# WHAT YOU WILL DO
Could you please output only the lines from the one holding "Soft litchi art" through the end of the listing below, exactly as written and without pictures?

# RECORDED DATA
§

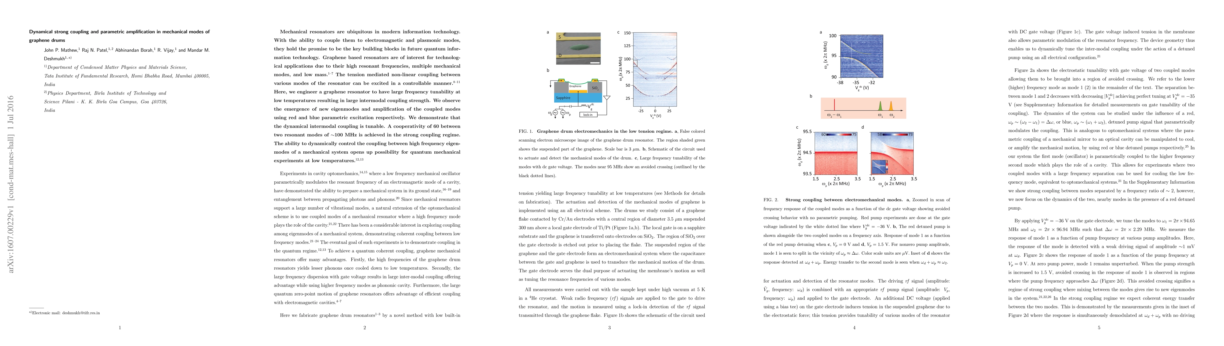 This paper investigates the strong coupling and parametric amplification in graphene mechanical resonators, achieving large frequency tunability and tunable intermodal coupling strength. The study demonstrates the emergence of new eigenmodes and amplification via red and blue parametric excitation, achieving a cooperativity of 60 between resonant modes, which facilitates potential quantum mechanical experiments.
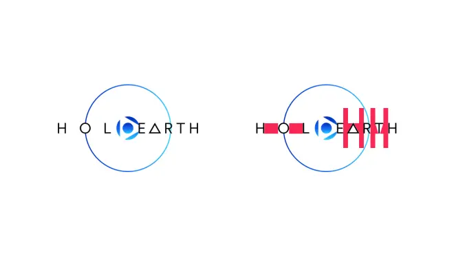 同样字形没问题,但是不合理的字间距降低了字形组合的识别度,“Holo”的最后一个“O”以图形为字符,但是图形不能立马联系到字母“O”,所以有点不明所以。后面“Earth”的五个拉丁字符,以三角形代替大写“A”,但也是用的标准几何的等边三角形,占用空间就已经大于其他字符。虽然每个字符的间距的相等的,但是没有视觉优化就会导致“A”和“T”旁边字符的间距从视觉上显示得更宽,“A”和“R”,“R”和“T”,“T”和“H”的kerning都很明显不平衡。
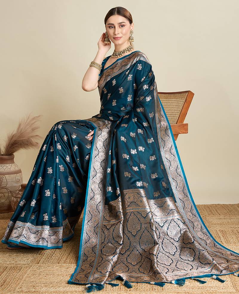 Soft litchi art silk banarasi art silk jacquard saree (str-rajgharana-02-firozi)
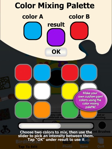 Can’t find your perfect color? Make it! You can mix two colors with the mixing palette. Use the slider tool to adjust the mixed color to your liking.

§

# RESPONSE TO THIS EXERCISE
 Soft litchi art silk banarasi art silk jacquard saree (str-rajgharana-02-firozi)
 Can’t find your perfect color? Make it! You can mix two colors with the mixing palette. Use the slider tool to adjust the mixed color to your liking.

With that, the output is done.